Diet Drink plenty of water to strengthen your metabolism, but don't drink too much at once, let alone food, and always consciously avoid making your stomach feel full, make your stomach smaller, and develop a lean habit.
Lunch: The content that can be eaten is hearty, I don't advocate eating all vegetables and fruits, it is not easy to stick, and it also affects the face and immunity. In fact, even if it is a vegetable, it is much more serious to put a lot of oil in it than to eat meat.

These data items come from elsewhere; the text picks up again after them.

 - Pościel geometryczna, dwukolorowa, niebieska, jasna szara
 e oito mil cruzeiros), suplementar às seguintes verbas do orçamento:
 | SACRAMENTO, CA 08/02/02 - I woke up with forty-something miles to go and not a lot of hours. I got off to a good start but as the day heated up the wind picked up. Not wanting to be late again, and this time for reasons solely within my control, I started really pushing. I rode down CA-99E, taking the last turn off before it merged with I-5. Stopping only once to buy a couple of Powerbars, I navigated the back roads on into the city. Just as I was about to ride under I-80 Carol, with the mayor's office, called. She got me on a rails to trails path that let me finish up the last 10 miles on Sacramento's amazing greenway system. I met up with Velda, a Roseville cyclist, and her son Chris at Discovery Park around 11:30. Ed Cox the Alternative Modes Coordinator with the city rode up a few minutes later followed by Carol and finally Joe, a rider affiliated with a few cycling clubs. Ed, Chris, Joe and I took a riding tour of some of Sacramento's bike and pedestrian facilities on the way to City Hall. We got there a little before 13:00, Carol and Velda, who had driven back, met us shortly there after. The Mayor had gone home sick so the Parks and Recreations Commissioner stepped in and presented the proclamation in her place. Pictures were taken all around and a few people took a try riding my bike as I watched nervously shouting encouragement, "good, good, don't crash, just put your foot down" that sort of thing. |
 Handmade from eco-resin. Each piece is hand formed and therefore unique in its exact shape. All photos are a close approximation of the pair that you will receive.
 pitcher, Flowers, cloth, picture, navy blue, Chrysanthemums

Therefore, it is not the ingredients that matter, but the cooking techniques that matter. However, compared to beef, mutton and pork, it is still highly recommended to eat fish.

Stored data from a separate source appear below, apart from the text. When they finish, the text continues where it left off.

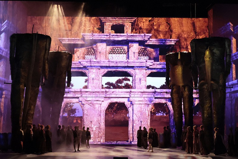 Умиротворяющая зрелищность, подернутая дымкой древнего предания, достигается за счет универсально модифицируемых элементов сценографии, а суперпозиция объемных элементов и виртуально-проекционных образов, трансформирующихся и возникающих на трех сторонах сценической коробки – на центральном заднике и боковых флангах, – как раз и создает мощнейшие 3D-ассоциации. «Строительные материалы» вроде бы одни и те же, но антураж каждой новой картины, каждой новой части цикла не повторяется. Сценическое пространство сказки-мифа покоится на «трех китах» – объемном «мегалитическом декоре» вкупе с функциональной сюжетной атрибутикой (это раз), искусно поставленном свете, о чём уже шла речь выше (это два), и видеопроекционной компьютерной графике (это три).
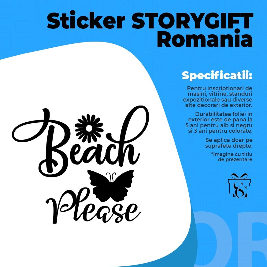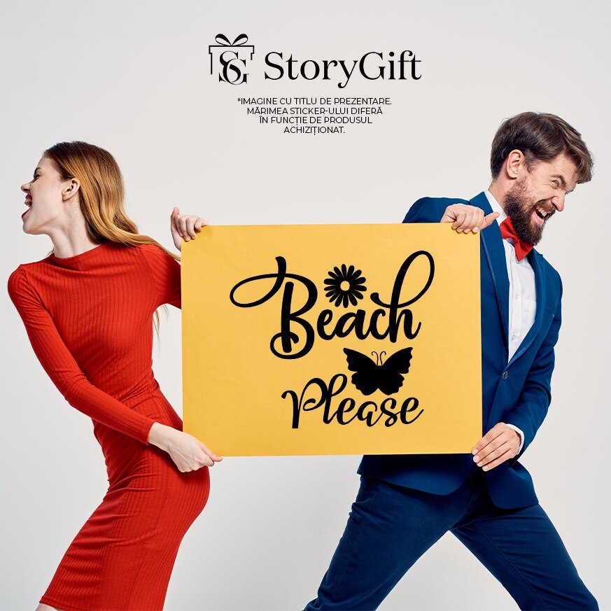 Sticker Exterior cu o floare si un fluture cu textul in engleza "Beach, please" - mai scuteste-ma plaja, Vinyl Negru, 90 cm
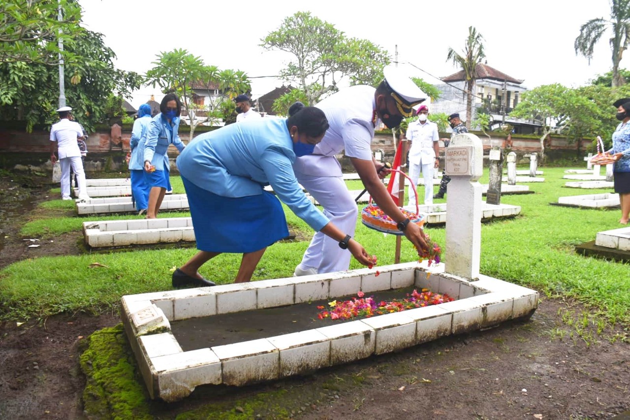 Dalam rangka memperingati Hari Armada RI Tahun 2021 yang jatuh pada tanggal 5 Desember 2021, Komandan Pangkalan TNI AL (Danlanal) Kolonel Laut (P) I Komang Teguh Ardana, S.T. M.A.P., memimpin upacara Ziarah tabur bunga di Taman Makam Pahlawan Pancaka Tirta Tabanan Bali, Senin (6/12/2021).
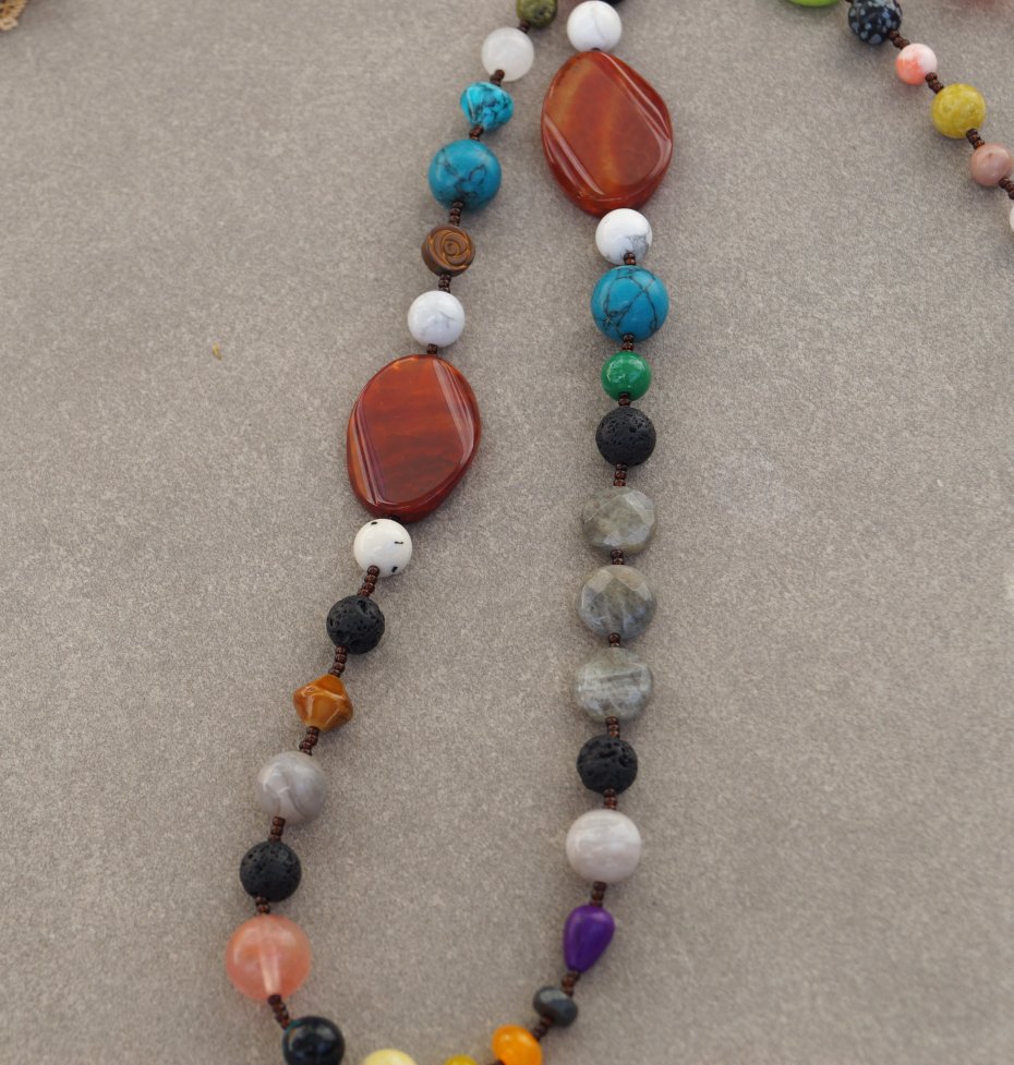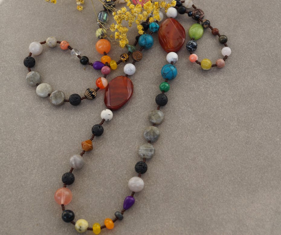 Elegancki, ręcznie wykonany naszyjnik z naturalnych minerałów o średnicy od 4 do 40 mm. Wykorzystano kamienie takie jak labradoryt, agat, jadeit, lawa, turkus, kwarc oraz inne naturalne minerały, oddzielone od siebie drobnymi szklanymi koralikami, które dodają lekkości i połysku.
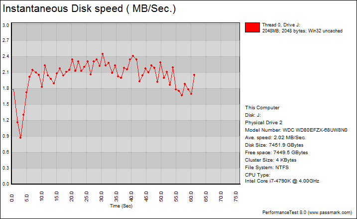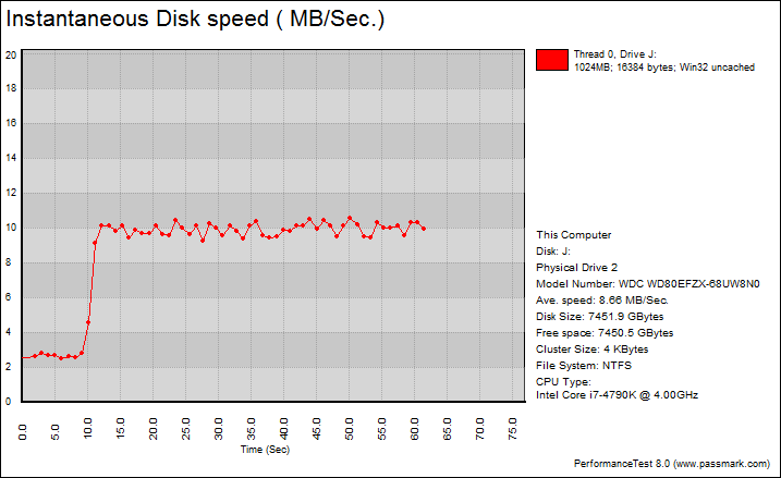 Overall, the Western Digital Red WD80EFZX 8TB's performance was respectable compared against other hard drives, but not necessarily ground-breaking. With results of 2.02MB/s, 8.84MB/s, 8.66MB/s, 2.75MB/s, most of these numbers were a good improvement compared to the 6TB model, other than the Workstation test. The fastest drive I have ever seen in this test was the Seagate NAS HDD ST8000VN0002 8TB at 1.25MB/s, 9.28MB/s, 11.32MB/s, 3.59MB/s, respectively. Meanwhile, Seagate's Enterprise Capacity 3.5 HDD V.5 ST8000NM0055 8TB came in at 1.21MB/s, 7.03MB/s, 9.39MB/s, 3.84MB/s, respectively. On the Western Digital side of things, the Red Pro WD6001FFWX posted numbers of 1.24MB/s, 8.91MB/s, 9.88MB/s, and 3.36MB/s, while the Red WD60EFRX came in at 0.89MB/s, 6.92MB/s, 7.61MB/s, and 3.13MB/s, in that order.
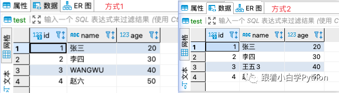 cursor.execute("UPDATE test SET name='王五3' WHERE id=3")
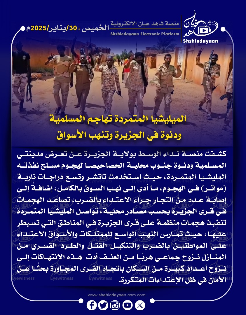 خبر في صورة الأخبار الميليشيا المتمردة تهاجم المسلمية ودنوة في الجزيرة وتنهب الأسواق شاهد عيان يناير 30, 2025 0 أقرأ المزيد ..
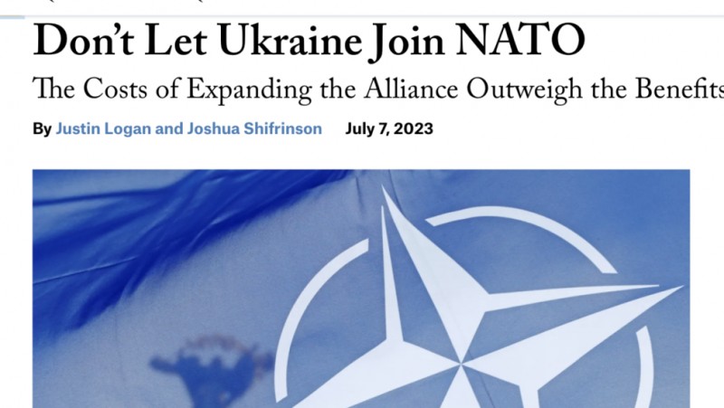 "И тук ползите за сигурността на Съединените щати от присъединяването на Украйна бледнеят в сравнение с рисковете от привличането ѝ в алианса. Приемането на Украйна в НАТО би повишило перспективата за мрачен избор между война с Русия и свързаните с нея опустошителни последици или отстъпление и обезценяване на гаранцията за сигурност на НАТО в целия алианс. На срещата на върха във Вилнюс и след това лидерите на НАТО би било разумно да признаят тези факти и да затворят вратата за Украйна", подчертават авторите Джъстин Логан и Джошуа Шифринсън.

Dinner: Eat less, it is recommended to eat bananas and corn in the early stage, it is less likely to feel hungry, and it is good for metabolism. After getting used to eating less at dinner, you can eat a vegetable salad, but avoid salad dressings. It is highly recommended to eat more carrots, oranges, grapefruits, etc., which are also beautiful and beautiful.
Don't drink too much water at night, and don't drink water or tea within an hour before bedtime, but you can drink a glass of warm milk.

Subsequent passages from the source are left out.